- PROBLEM TO SOLVE -
Take the listing from its first line through the line that contains "Le choix du" and please retype those lines exactly, leaving out the pictures.

Start of DATA TO USE

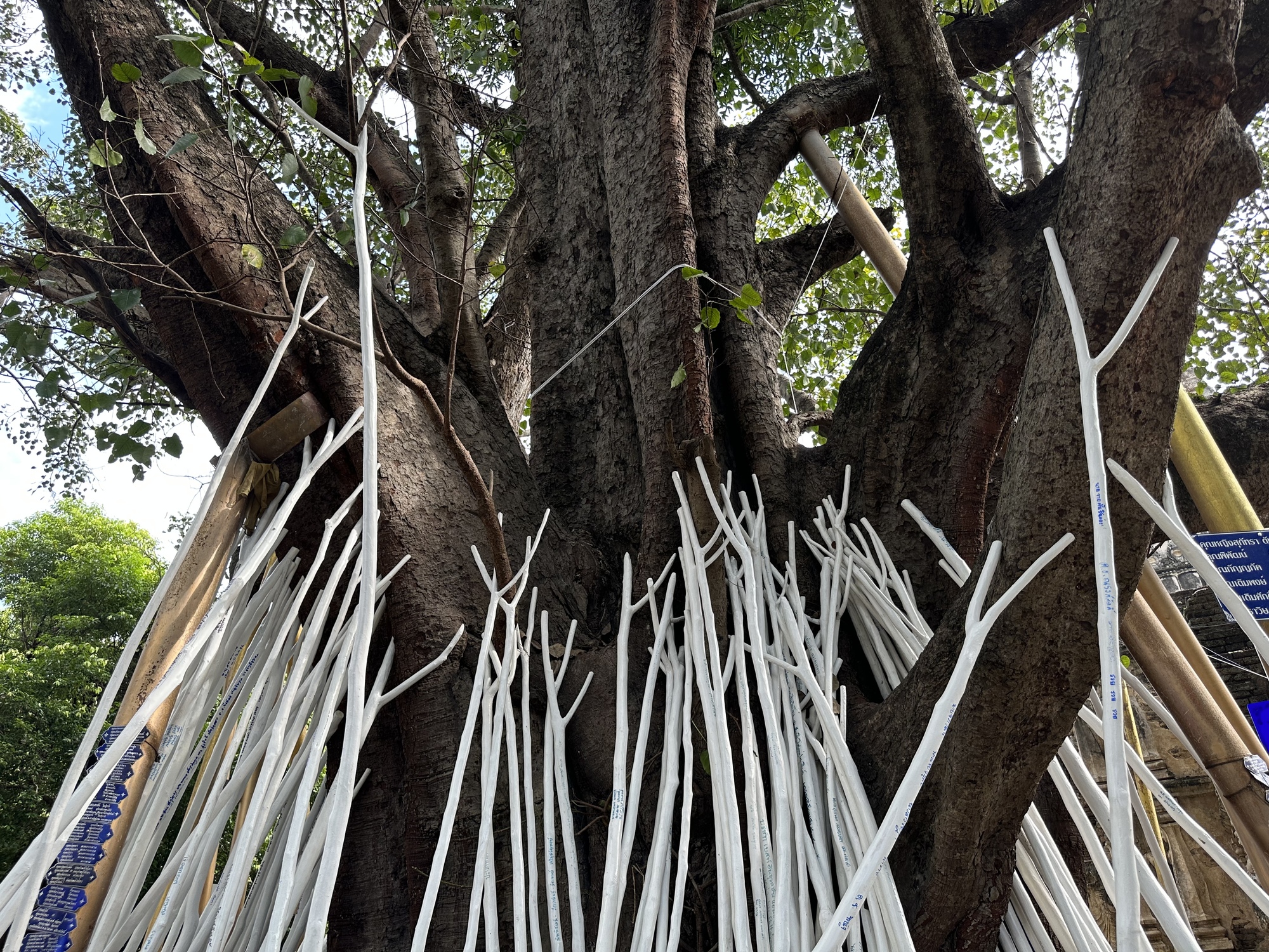 At Wat Jed Yot you can buy a white forked stick for 99 Baht ($2.80), write you name or anything you want on it and lean it against the big Bodhi Tree as symbolically holding up a branch of the sacred tree in order to gain some merit. The Buddha gained enlightenment under such species of tree in India and there is always one growing in temple compounds.
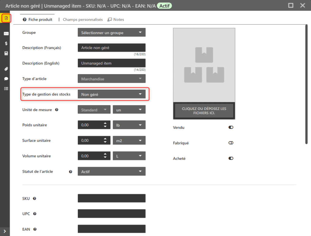Le choix du type de gestion des stocks se fait lors de la création de l’article et est définitif, sauf pour le type Non géré, qui peut être modifié par la suite.
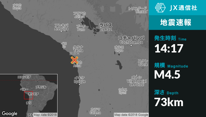 10月19日 14:17頃、チリのAricaから西北西25kmの地点でM4.5の地震がありました。
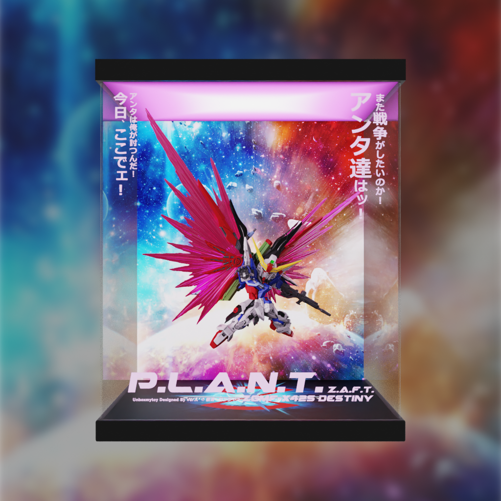 為 MGSD 命運光翼 高達 光學幻象版 手辦設計的展示盒,主題背景,高清透亮面板,提升展品場景氛圍,同時免受塵封困擾
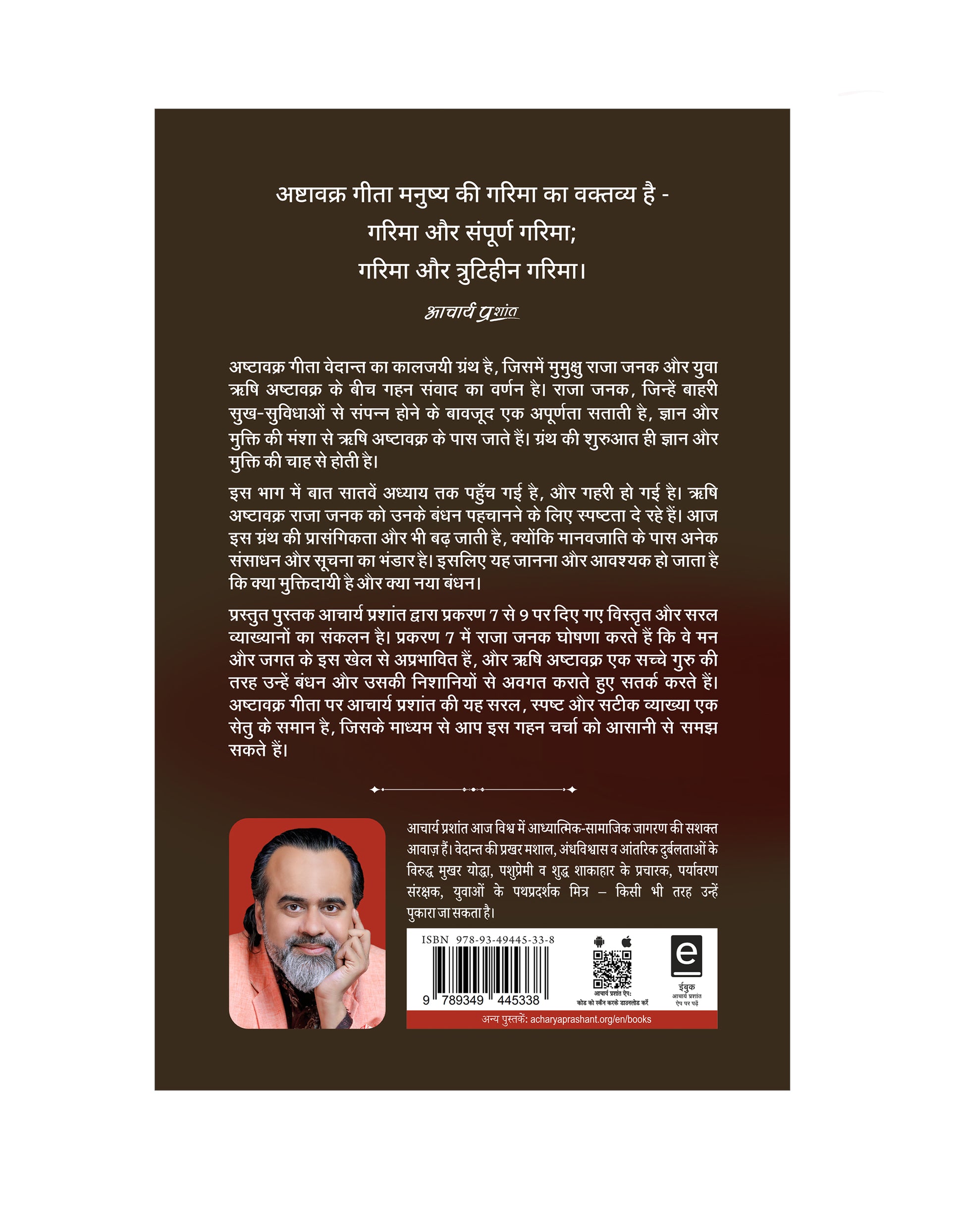 प्रस्तुत पुस्तक आचार्य प्रशांत द्वारा प्रकरण 7 से 9 पर दिए गए विस्तृत और सरल व्याख्यानों का संकलन है। प्रकरण 7 में राजा जनक घोषणा करते हैं कि वे मन और जगत के इस खेल से पूरी तरह अप्रभावित हैं, और ऋषि अष्टावक्र एक सच्चे गुरु की तरह उन्हें बंधन और उसकी निशानियों से अवगत कराते हुए सतर्क करते हैं।
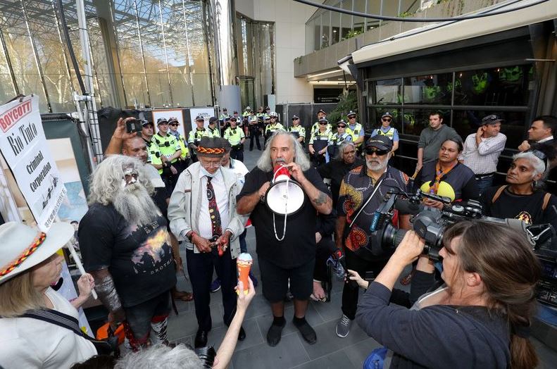 hundreds of people gathered outside the headquarters of Rio Tinto in Perth to protest against the destruction of ancient heritage.
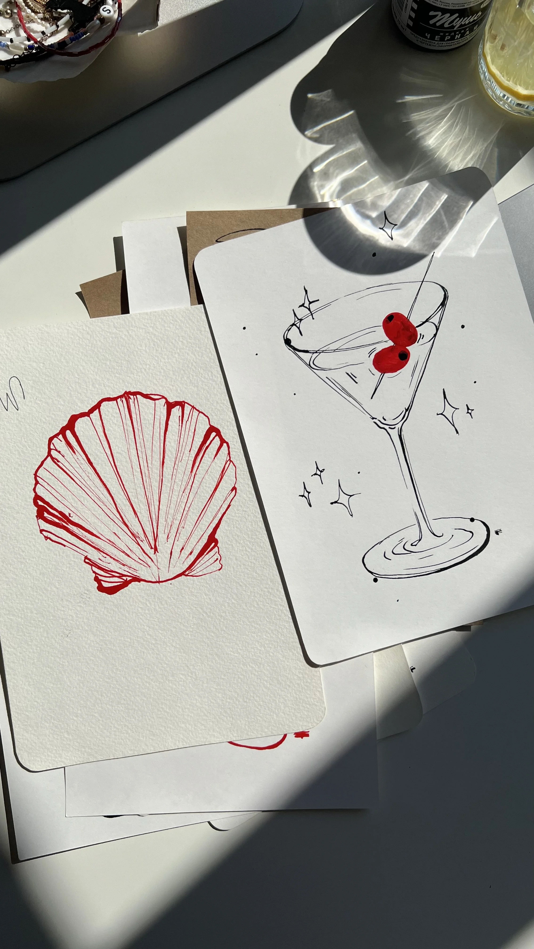 These illustrations treat souvenirs of life—a Martini on a date, hotel keys mid-journey, a found shell—as characters. Minimal lines and color trace the moods they remember.
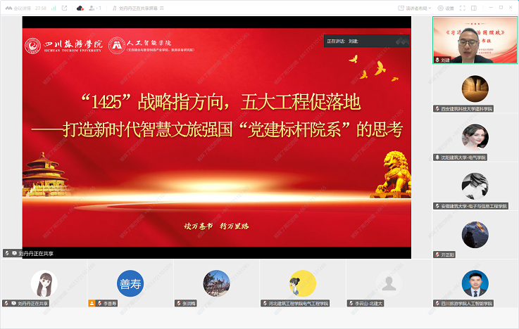 随后,四川旅游学院人工智能学院原党委书记刘建以“‘1425’战略指方向,五大工程促落地——打造新时代智慧文旅强国‘党建标杆院系’的思考”为题作主题报告。报告分享了学院将党建工作与学科发展、人才培养深度融合,以“1425”战略为引领,实施五大工程,着力打造党建标杆院系的生动实践与思考。
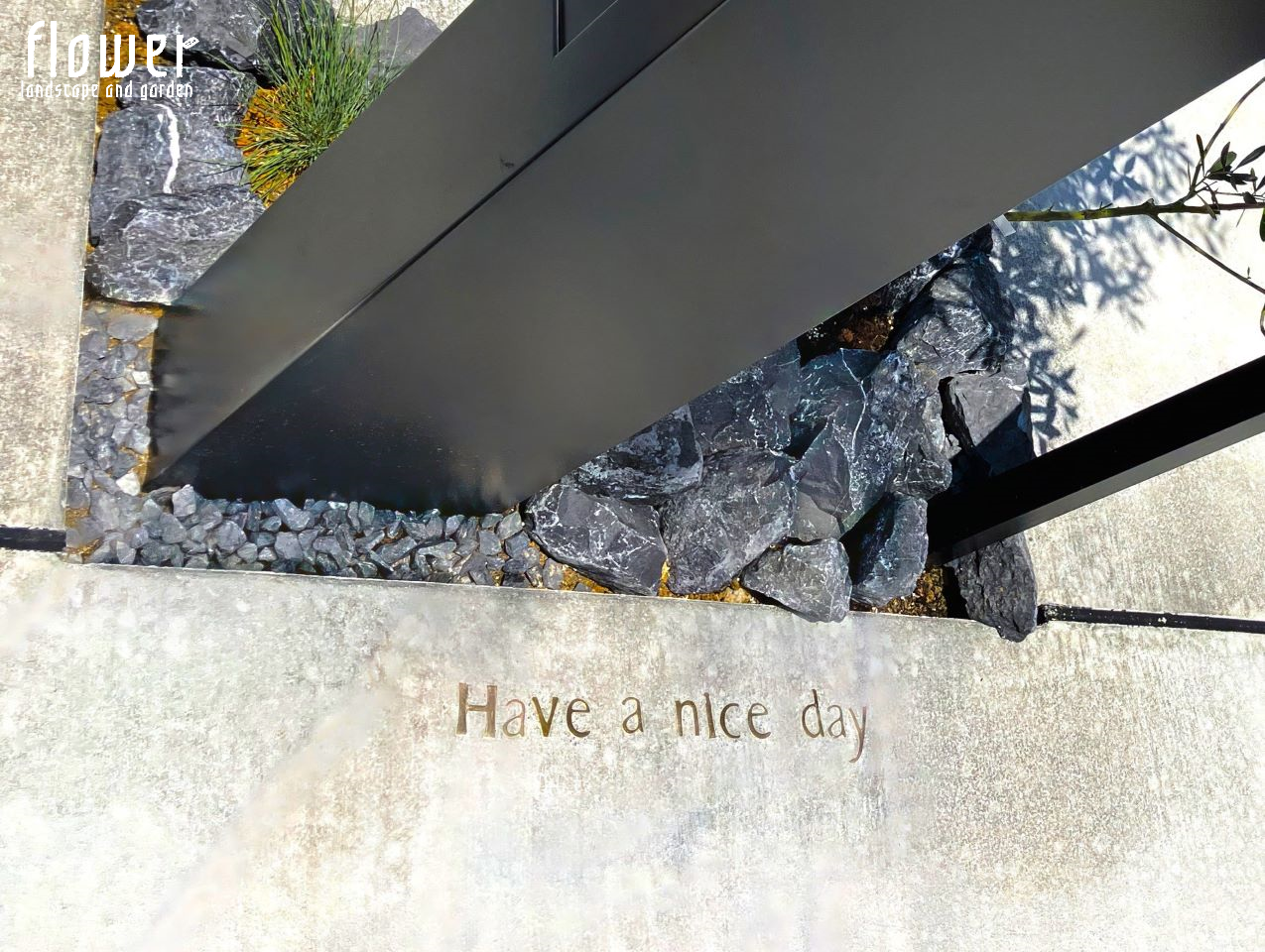 | コメント | 真鍮レターを施した入口は、 お気に入りのデザインで愉しくおしゃれな印象に。 真鍮文字は、お好みのメッセージを埋め込むことができます。 隣り合う、玄関とテラスには木調の目隠しフェンスを設置。 常緑樹のヤマボウシは、季節を問わず緑葉をつけ 開花時期には白くてかわいらしい花を咲かせます。 夜は植栽灯が植物を照らします。 【使用部材】 ・機能門柱:サンワカンパニー オスポール ・LED植栽灯:LIXIL 美彩 スパイクスポットライト ・手すり:YKKap ルシアス歩行補助手すり ・木調フェンス:土新建材 エコモックフェンス ・サイクルポート:YKKap ルシアス サイクルポート ・300角タイル:LIXIL グレイスランド IPF-300/GRL-12 |
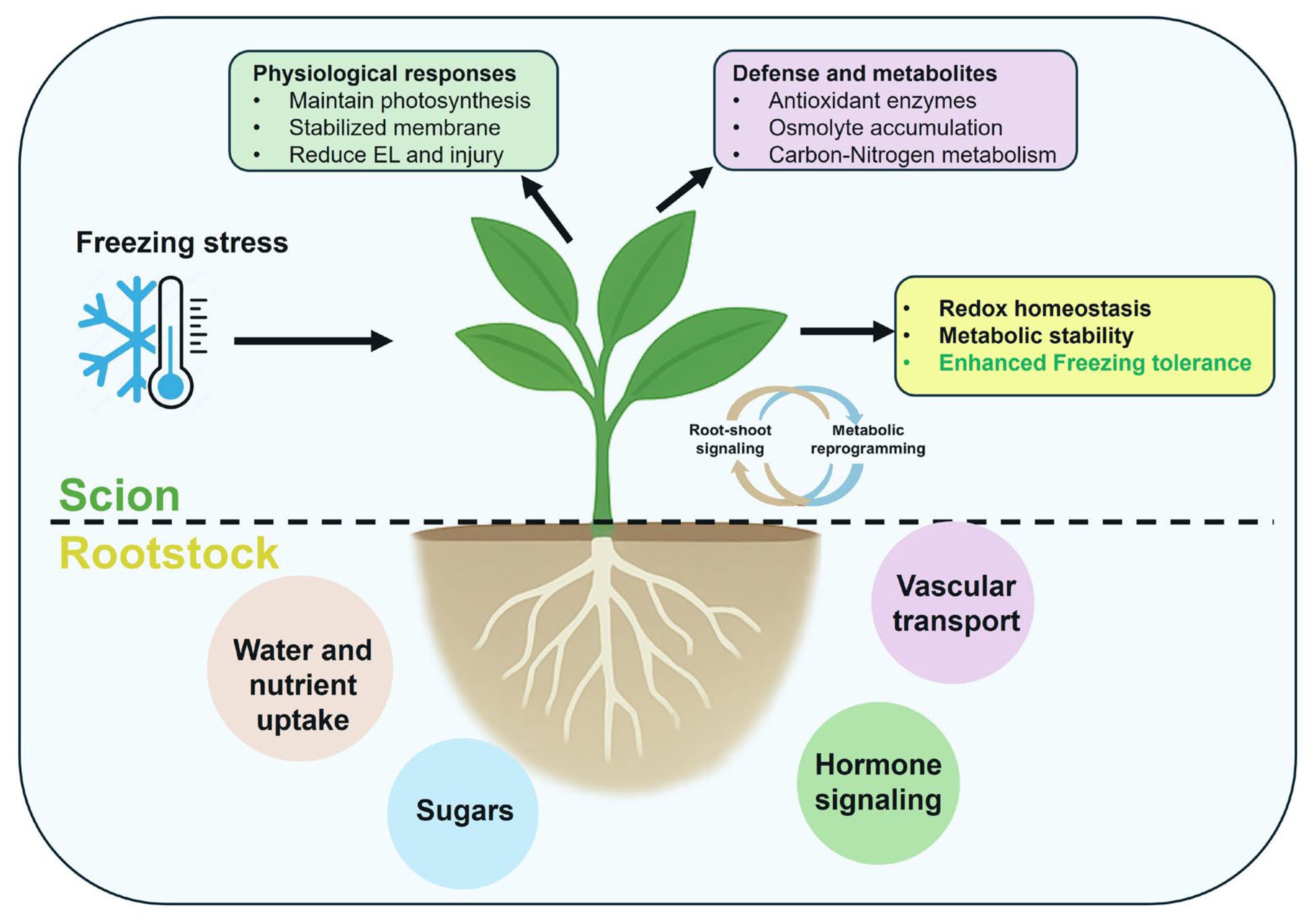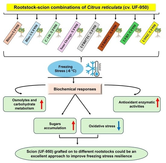 Asif, A.; Iqbal, S.; Aucique-Perez, C.E.; Leaks, K.; Balal, R.M.; Mattia, M.; Chater, J.M.; Shahid, M.A. Scion–Rootstock Interactions Enhance Freezing Stress Resilience in Citrus reticulata Through Integrated Antioxidant Defense and Carbon–Nitrogen Metabolic Adjustments. Plants 2025, 14, 3029. https://doi.org/10.3390/plants14193029
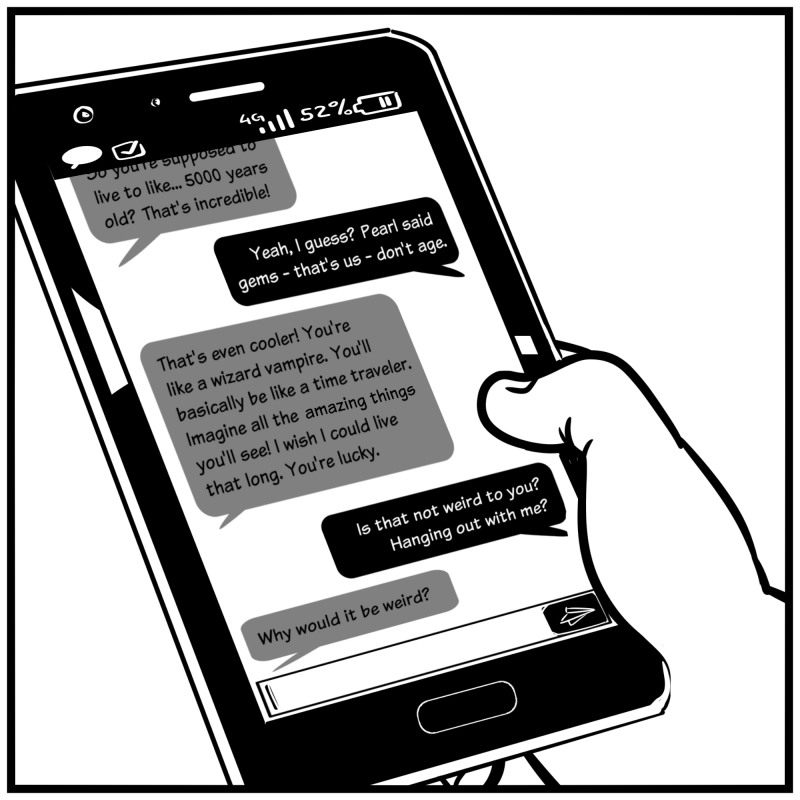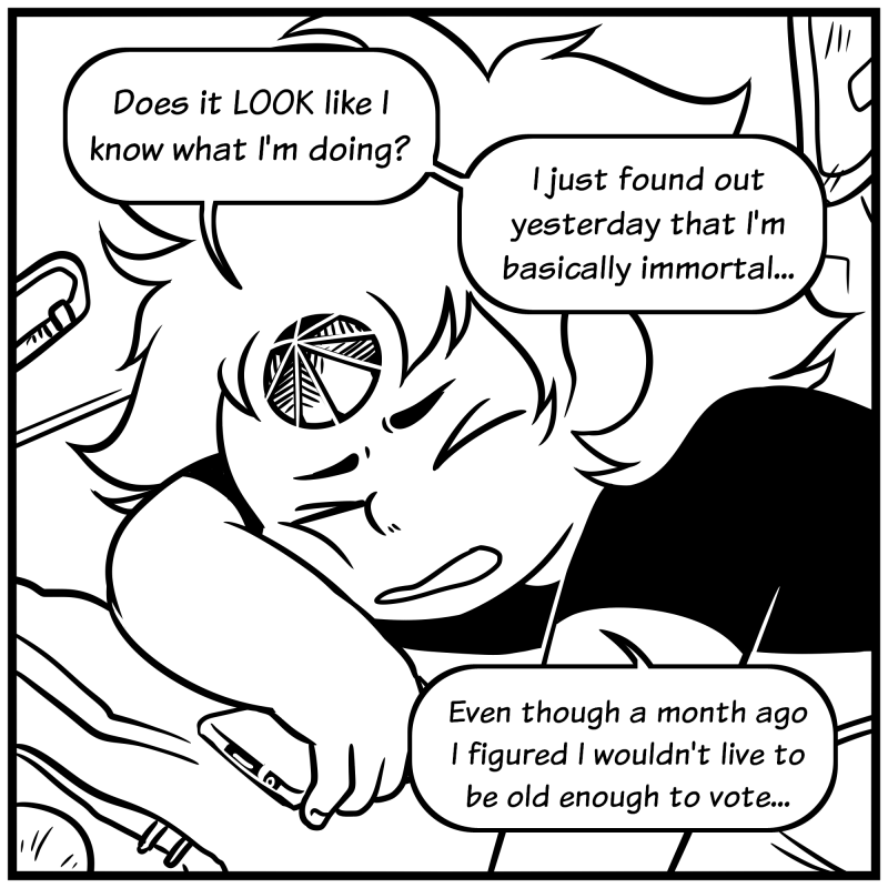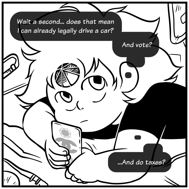Average teenager: Wait, I could be hundreds of years old?...I can drink, be out as late as I want, no one can tell me what to do! Steven: Wait, I could be hundreds of years old?...I can vote and do taxes!
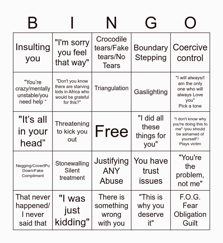 This bingo card has a free space and 24 words: Stonewalling Silent treatment, "I was just kidding", Triangulation, That never happened/ I never said that, Coercive control, Insulting you, "You’re crazy/mentally unstable/you need help “, "I'm sorry you feel that way", "I did all these things for you", Justifying ANY Abuse, Gaslighting, "It’s all in your head”, You have trust issues, "You're the problem, not me", "Don't you know there are starving kids in Africa who would be grateful for this?", "This is why you deserve it", "I don't know why you're doing this to me" /you should be ashamed of yourself”/ Plays victim, Crocodile tears/Fake tears/No Tears, "I will always/I am the only one who will always Love you" Pick a tone, Threatening to kick you out, F.O.G. Fear Obligation Guilt, Negging/CovertPu Down/Fake Compliment, Boundary Stepping and There is something wrong with you.

End of DATA TO USE

- RESPONSE BELOW -
 At Wat Jed Yot you can buy a white forked stick for 99 Baht ($2.80), write you name or anything you want on it and lean it against the big Bodhi Tree as symbolically holding up a branch of the sacred tree in order to gain some merit. The Buddha gained enlightenment under such species of tree in India and there is always one growing in temple compounds.
Le choix du type de gestion des stocks se fait lors de la création de l’article et est définitif, sauf pour le type Non géré, qui peut être modifié par la suite.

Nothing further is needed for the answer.